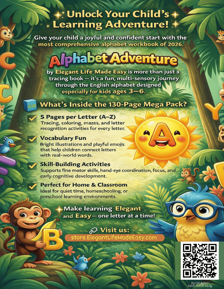 Unlock your child's potential with Alphabet Adventure by Elegant Life Made Easy. This 130-page printable mega-pack is designed to turn early education into a fun, multi-sensory journey. Far more than just a tracing book, it’s a comprehensive tool built to sharpen fine motor skills and boost cognitive focus.
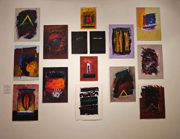 En el territorio de la pintura, entendido en sentido amplio, la exposición cuenta con algo más de ciento setenta obras realizadas con técnicas clásicas, mixtas y por ordenador, formalizadas o transferidas sobre soportes muy variados, como lienzo, táblex, aglomerado, cartón, papel o materiales industriales y reciclados. Las obras con sistemas clásicos arrancan en 1956, con sus dibujos para la revista ‘RC’ cuando cursaba estudios de Medicina en Valladolid, y finalizan con piezas de los inicios del siglo XXI, en un territorio pictórico pletórico y esplendoroso del gesto, el trazo y el color. A partir del año 2004 y hasta prácticamente 2016, son todas obras digitales generadas por programas informáticos y transferidas a diferentes tipos de soportes como el papel o el lienzo.
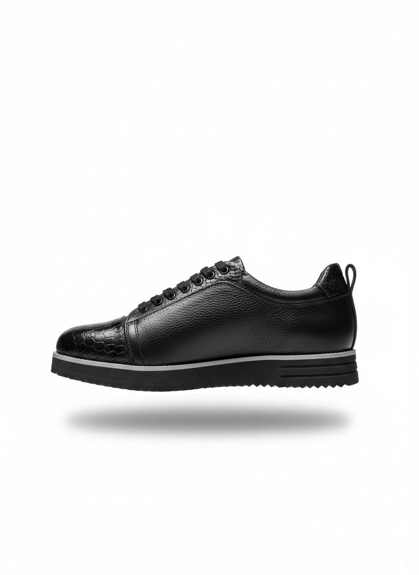 • Комбинация фактур — зернистая кожа + текстура рептилии для премиального вида
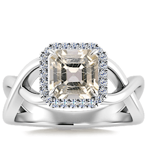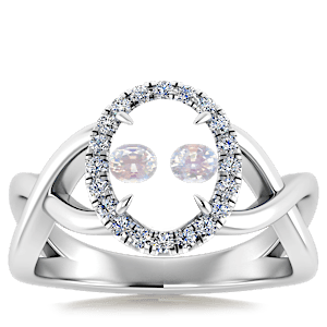 3.07ct Rainbow Moonstone set in Halo Vined Natural Diamond Ring

━━━━━━━━

> _Your instructions_:
Starting at the line with "для премиального вида" and stopping at the final line of the material, reproduce each line exactly, both ends included. Leave the pictures out.

> _Response area_:
 • Комбинация фактур — зернистая кожа + текстура рептилии для премиального вида
 3.07ct Rainbow Moonstone set in Halo Vined Natural Diamond Ring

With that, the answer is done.